MM: I didn’t realize the history of Charles Town. Even if horses aren’t your thing, a reader would thoroughly enjoy all you have discovered and uncovered about the town and the area. Anything surprise you? VAM: Yes, yes, yes. Especially when I tell people that Charles Town was the result of the work of George Washington’s youngest brother, Col. Charles Washington, who designed and developed this town. Charles Washington lived on the edge of town at Happy Retreat. He practiced law and his office still stands. He designed the town of eighty acres and donated the four corner lots at the main intersection of (what else?) Charles and Washington Streets. There are also streets named for his brothers George, Samuel and Lawrence. Charles also named the roads on the main thoroughfare of Washington Street, Liberty and Congress. In addition, he named a street honoring his wife, Mildred. There are more than 70 family members buried in the church yard here. The museum is a treasure trove. Go visit. I also find the history and story of abolitionist John Brown very intriguing.
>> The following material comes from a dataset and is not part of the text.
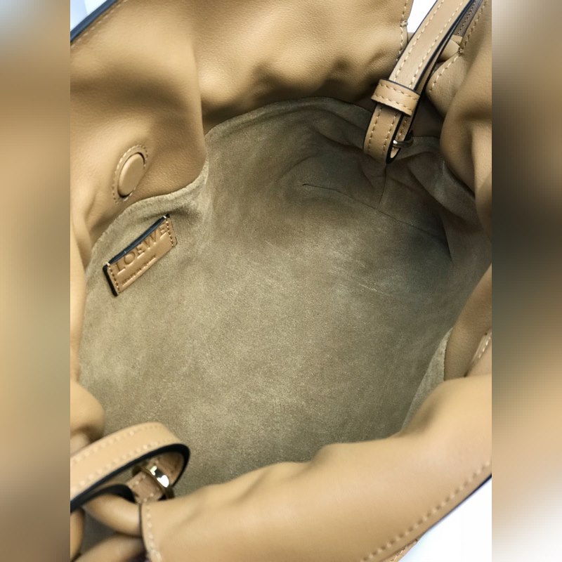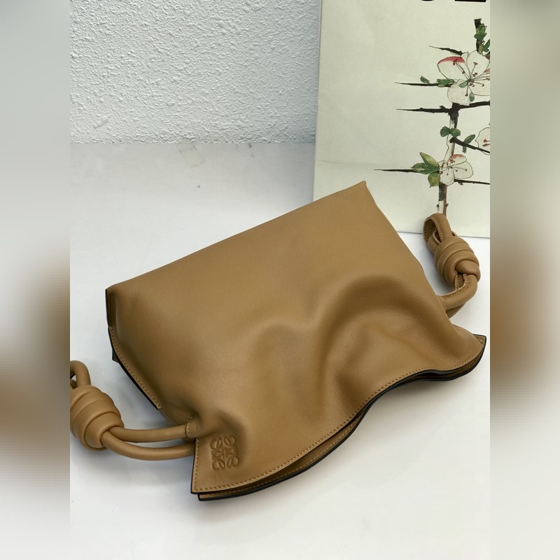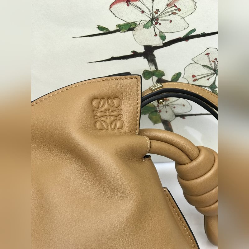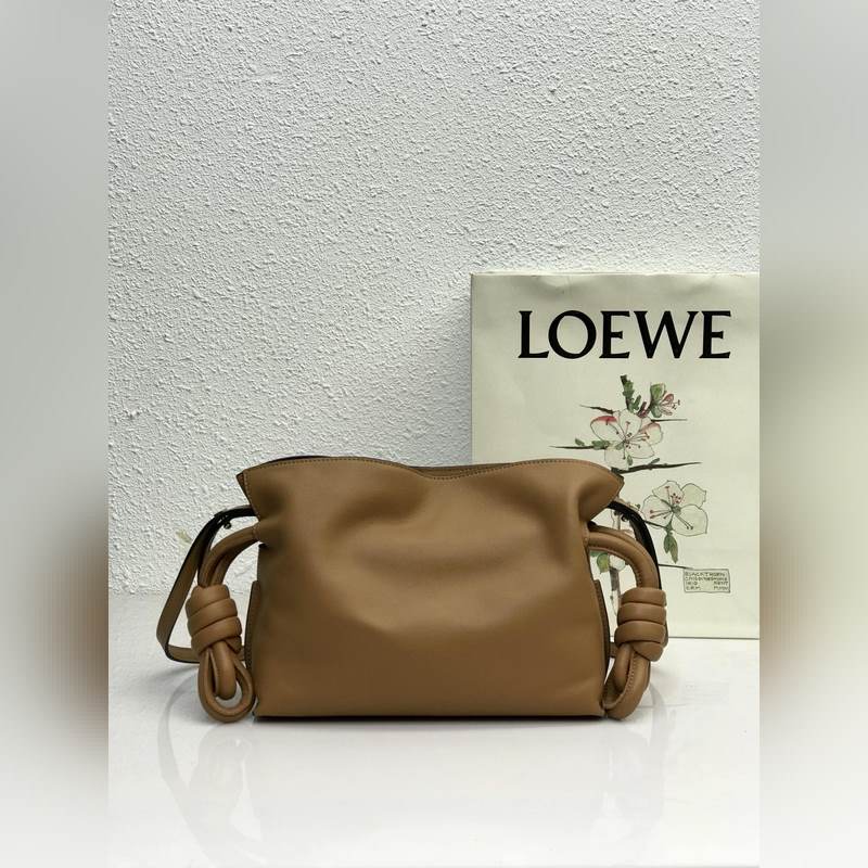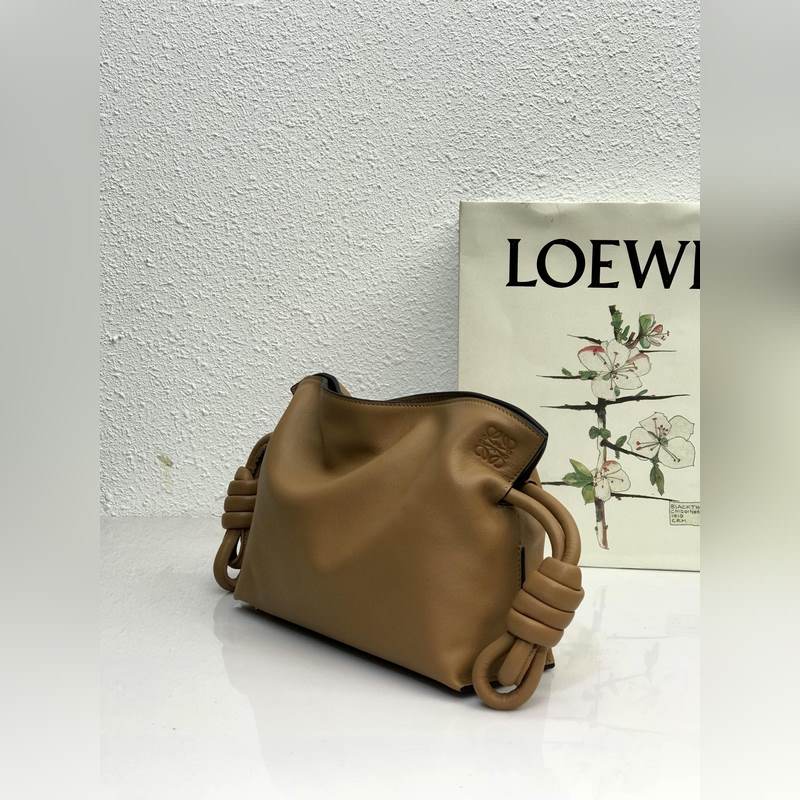 Flamenco Mini Lucky Bag Brown on valmistettu pehmeästä ja herkästä vasikannahasta, jossa on kiristysnyöri ja tunnusomainen kierretty solmu. Sitä voidaan kantaa olkapäällä, poikkivartalolla tai käsin irrotettavalla ja säädettävällä olkahihnalla, magneettisoljella ja mokkavuorella. Mini mallinumero 10855, koko 22,5*18*9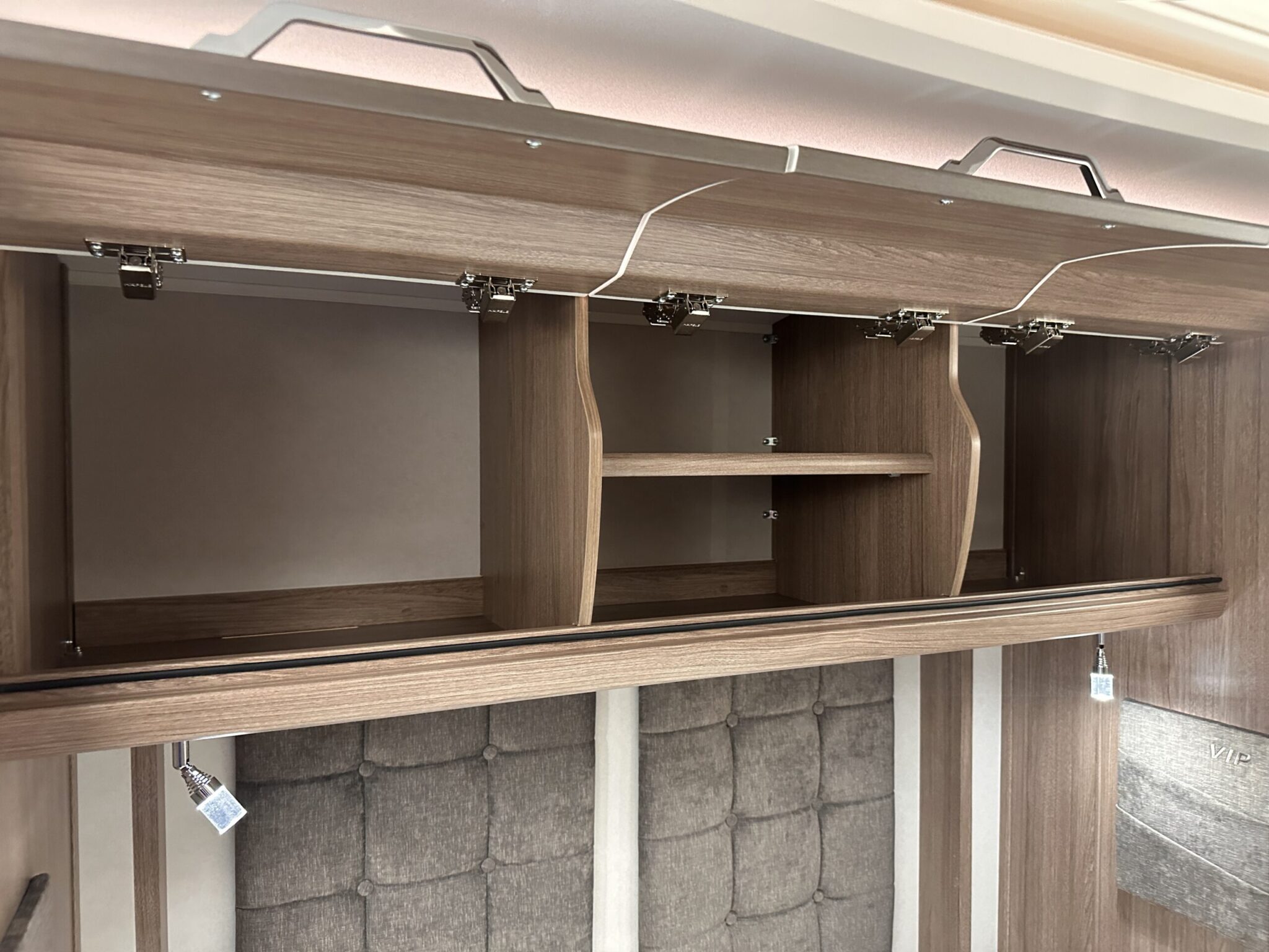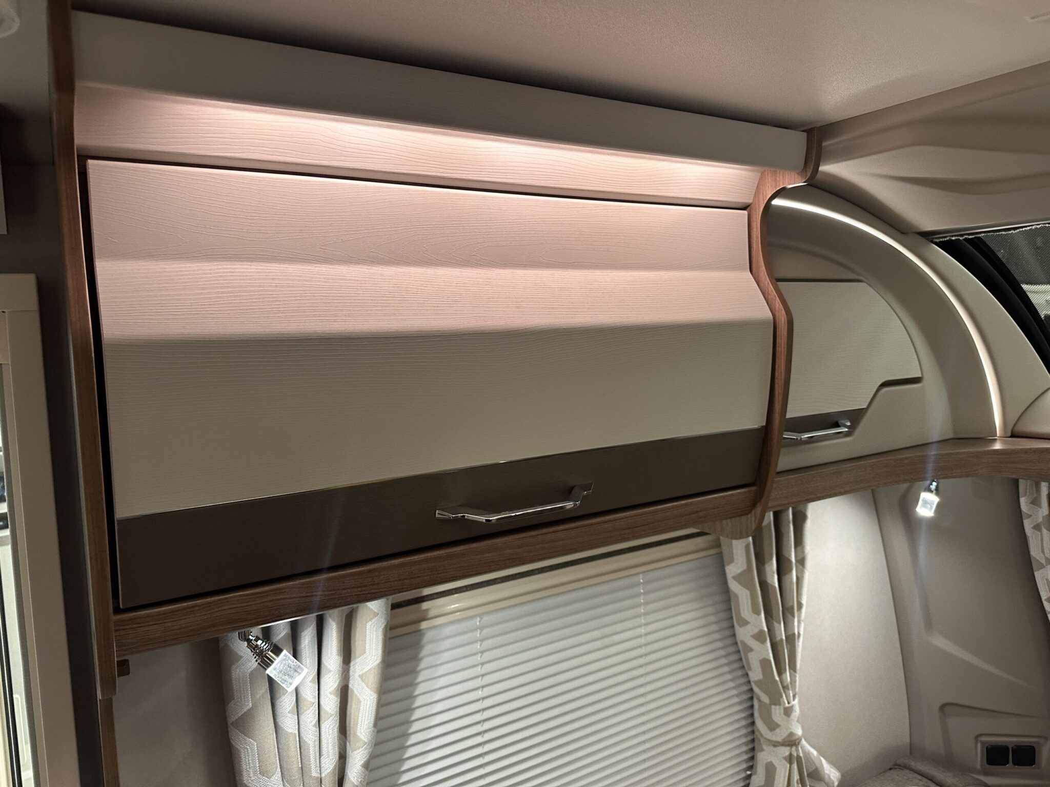 - Modern Style: We’re big fans of the NEW Hartal Smooth Action Pleated Blinds with Flyscreens to all Windows , and the new soft furnishings with coordinating scatter cushions and sculpted armrests.Contemporary Finishes: The NEW overhead locker profile in ‘Pebble’ design with LED lighting provides a sleek finish

Most horsey people do not have a clue. Some have never ventured beyond the track. He was tried in this great big court house and visitors can still go into the same courtroom. They can walk up the street and see where he was hung. They made him ride on top of his own coffin and the wagon he rode on is on view at the Jefferson County Museum. (jeffcomuseumwv.org) MM: What can we learn from life of Sylvia? VAM: Great question. Her determination and everything to do with a simple NEVER GIVE UP.